Tante soluzioni per prevenire l’emergenza
Numeri che danno l’idea di quanto Milano sconta ancora un arretramento strutturale rispetto all’Europa. Una carenza dovuta alla miopia delle politiche dei trasporti delle amministrazioni passate, compresa quella di Formigoni in carica da 15 anni, e che soltanto negli ultimi anni stanno dando segnali di vita con la costruzione di nuove metropolitane e l’adozione di soluzioni di mobilità alternativa, come il bike sharing. Eppure di soluzioni facilmente applicabili ne esistono tante altre. Molte le trovate nelle pagine di Autoambiente, come quelle per
ridurre il traffico, delle associazioni ambientaliste o negli studi di istituti di ricerca. Altre, che vi riportiamo, le hanno avanzate durante l’emergenza smog milanese Italia Nostra, Legambiente e l'ex assessore comunale all'Ambiente Edoardo Croci (da sito
www.corriere.it)
1) estendere l’Ecopass a tutti i mezzi che accedono ai Bastioni, previa informazione ai cittadini;
2) applicare una low emission zone in tutta la provincia e oltre;
3) al terzo giorno di superamento della soglia d’allarme: car pooling ai 67 varchi dalle 7,30 alle 9,30 con almeno due persone per mezzo, divieto di circolazione per i mezzi pesanti in tutta la città, blocco circolazione fine settimana dalle 10 alle 18, validità giornaliera del biglietto Atm da un euro;
4) ridurre la velocità a 80 km/ora sulle strade e 90 km/h sulle autostrade nei giorni di superamento dei limiti di qualità dell’aria;
5) depennamento dall’agenda del tunnel Linate-Rho;
6) potenziamento della ciclabilità, estensione del bike sharing e stazioni di biciclette in tutte le principali stazioni ferroviarie;
7) intervento straordinario sul potenziamento dei mezzi pubblici;
8) riscaldamento: riduzione da 14 a 12 ore giornaliere nei 1500 immobili comunali, fare rispettare il divieto regionale di riscaldamento negli spazi comuni dei condomini;
9) rimuovere gli ostacoli burocratici e facilitare gli investimenti di risparmio energetico;
10) moratoria per tutti i parcheggi con posti a rotazione, a partire da quello di sant’Ambrogio.

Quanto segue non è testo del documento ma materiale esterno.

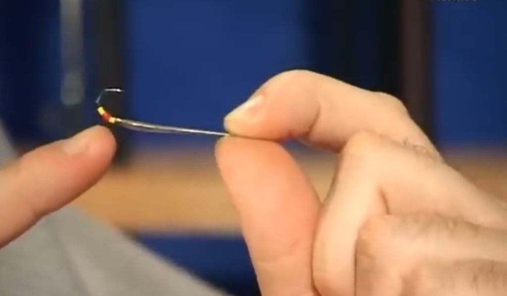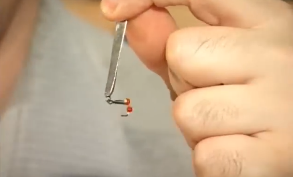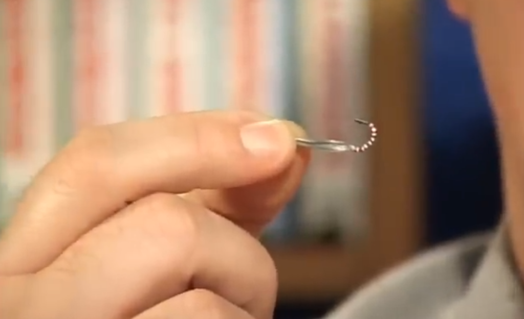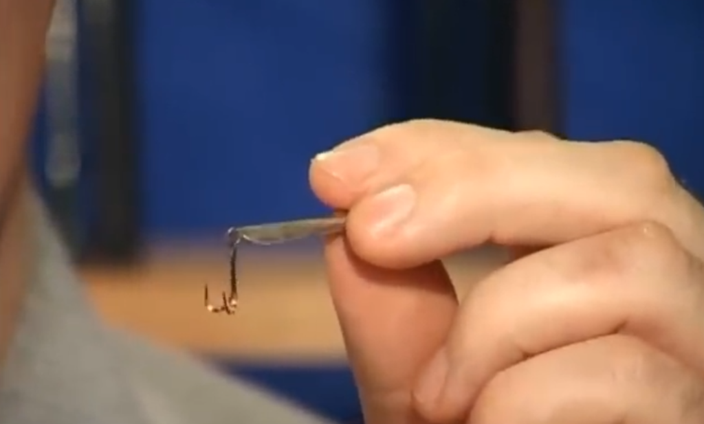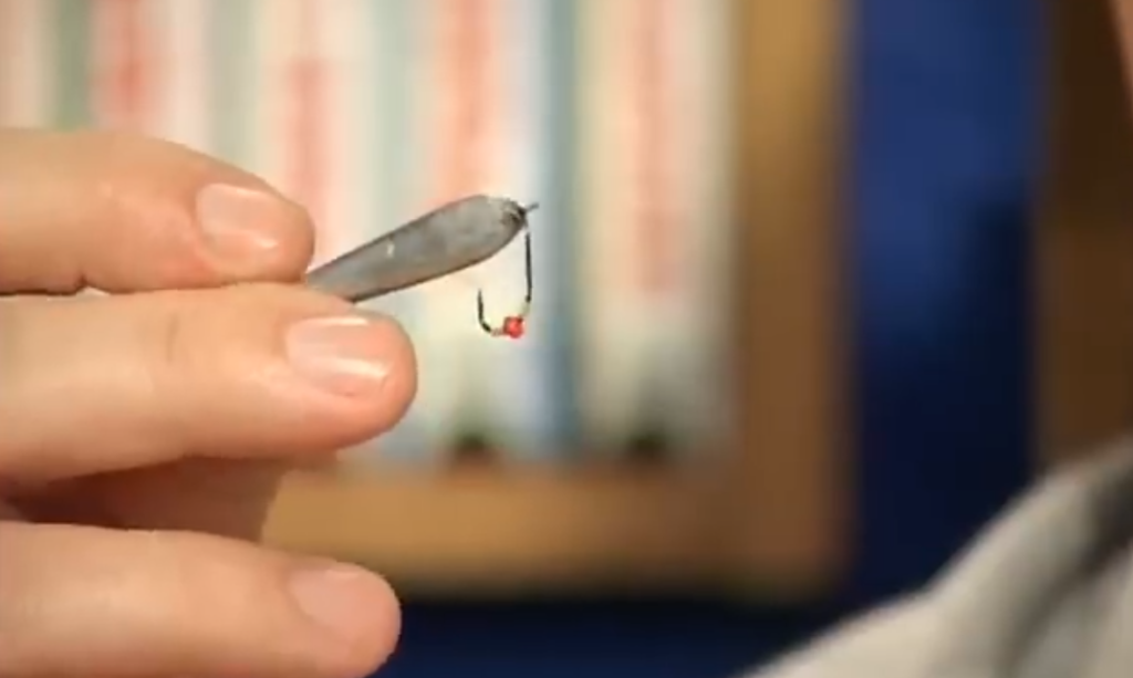 Ещё момент какой, если мы собираемся настраивать блесну и собираемся использовать подвеску, то есть на одной удочке у нас выше блесны на поводке висит крючок с украшениями, второй вариант подвески — свободно подвешенный на леске крючок с бисером, он скользит у нас по леске, причём мы взяли специально крючок нахлыстовый, который имеет загнутое внутрь ушко, и при натянутой леске он у нас скользит вниз рывочками, очень хорошая система.

Ma quale impatto zero!? Le parole sono importanti
Concludo con una considerazione d’obbligo. Ad ascoltare l’annuncio del blocco del traffico a Milano per il 31 gennaio ai redattori di Autoambiente per un momento sono venuti i brividi lungo la schiena. A provocare la reazione non è stata la decisione presa da Letizia Moratti, Roberto Formigoni e dall'assessore al traffico della Provincia di Milano Giovanni De Nicola, ma piuttosto le parole dei nostri amministratori: “sono escluse (dal blocco, ndr) le auto a impatto zero, cioè le elettriche, le ibride e quelle a Gpl e metano”. Sarà stato un lapsus o, più probabilmente, l’alta concentrazione di polveri sottili nell’aria che ha generato un po’ di confusione, ma nell’elenco dichiarato dall’elite politica milanese l’unica tipologia ad emissioni zero (in ogni caso non a “impatto zero”) è quella delle auto a batterie, almeno se si parla di emissioni allo scarico. “Le parole sono importanti”, diceva Nanni Moretti in “Palombella rossa”, e se i nostri amministratori vogliono evitare la reazione aggressiva del regista farebbero bene a fare un celere ripasso di mobilità sostenibile o, come diceva mio nonno, ricordarsi di contare fino a dieci prima di parlare.